Updated 22 January 2026

Swin-UNETR is a hybrid architecture that integrates a hierarchical Swin Transformer encoder with a U-shaped CNN decoder for accurate 3D segmentation.
It utilizes windowed and shifted-window self-attention to capture both multi-scale features and long-range dependencies for precise boundary localization.
The framework supports self-supervised pre-training and transfer learning, achieving state-of-the-art performance across diverse biomedical and geoscience applications.

Swin-UNETR is a hierarchical, windowed-attention Transformer architecture integrated into a U-shaped encoder–decoder segmentation framework. It leverages the Swin Transformer as its encoder, capturing both long-range dependencies and multi-scale features, while connecting to a CNN-based decoder via skip connections for dense prediction tasks in 3D volumes. Originally proposed to address the limitations of fully convolutional networks—namely, their restricted receptive field and reduced capacity for modeling global context—Swin-UNETR has become a state-of-the-art backbone for volumetric segmentation, denoising, super-resolution, and dense error map estimation across diverse biomedical and geoscience domains (Hatamizadeh et al., 2022, Tang et al., 2021, Sadikov et al., 2023, Kakavand et al., 2023, Kakavand et al., 2024).
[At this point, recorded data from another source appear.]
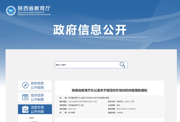 8月4日,陕西省教育厅办公室发布关于规范校外培训机构管理的通知,要求校外培训机构立即停止义务段暑期学科培训,严禁培训机构以学前班、幼小衔接班、思维训练班、素质拓展等名义面向学龄前儿童开展线下学科类(含英语)培训。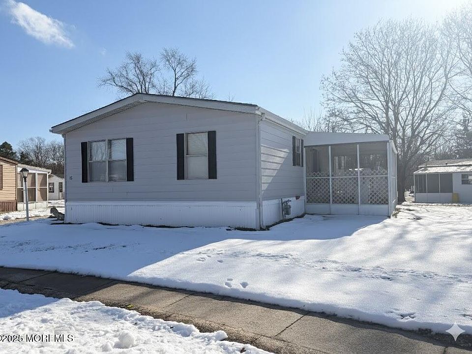 This double-wide mobile home in the 55+ adult community of Jackson Acres offers 2 bedrooms and 2 full bathrooms. The home features off-street parking for two cars, an exterior storage shed, and two dining areas, including an eat-in kitchen with sliders leading into an enclosed sun porch. Major updates include a roof reshingled in 2015, water heater (2017), upgraded electrical panel (2023), and dual heating systems which include an electric heat pump with central air and a newer natural gas furnace (2023). Residents enjoy access to the community clubhouse and inground pool. Monthly HOA fees include lot rent, taxes, water, sewer, and trash removal—covering nearly everything you need for truly stress-free, low-maintenance living.
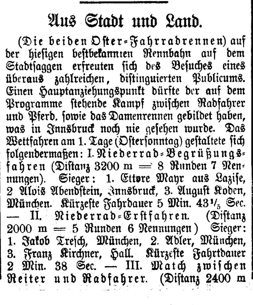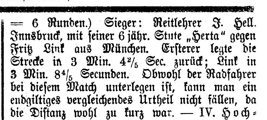 Dieser Vergleich inspirierte in den folgenden Jahren allerdings mehrfach weitere Wettkämpfe zwischen Radfahrern und Reitern. Im Jahr 1898 fand erstmals auch auf der Innsbrucker Radrennbahn im Saggen ein solcher Vergleich statt. Bei dem Rennen über 2.400 Meter siegte der Reiter deutlich. Auch in den kommenden Jahren gab es noch mehrfach solche Wettkämpfe – das Ergebnis war im Übrigen immer dasselbe: über kürzere Distanzen waren Pferde den Radfahrern weiterhin überlegen.

1. Architectural Principles: Hierarchical Swin Transformer Encoder

Swin-UNETR deploys a 3D Swin Transformer encoder that processes input volumes partitioned into non-overlapping local patches (typically 2×2×2–4×4×4 voxels). Each patch is linearly embedded into a high-dimensional token vector, forming the input sequence for the encoder (Hatamizadeh et al., 2022, Tang et al., 2021). The Swin Transformer organizes computation into sequential stages, each composed of multiple blocks that alternate between window-based multi-head self-attention (W-MSA) and shifted-window MSA (SW-MSA):

$\begin{aligned} \hat z^{l} &= \mathrm{W\text{-}MSA}(\mathrm{LN}(z^{l-1})) + z^{l-1},\ z^{l} &= \mathrm{MLP}(\mathrm{LN}(\hat z^{l})) + \hat z^{l},\ \hat z^{l+1} &= \mathrm{SW\text{-}MSA}(\mathrm{LN}(z^{l})) + z^{l},\ z^{l+1} &= \mathrm{MLP}(\mathrm{LN}(\hat z^{l+1})) + \hat z^{l+1}. \end{aligned}$

The window partitioning restricts attention to local neighborhoods, yielding $O(N M^2 C)$ complexity per layer (with $N$ tokens, $M$ window size, and $C$ channels) and improved scalability to large volumetric data. The shifted-window technique guarantees cross-window connections to support non-local context aggregation (Tang et al., 2021, Hatamizadeh et al., 2022, Jiang et al., 2024).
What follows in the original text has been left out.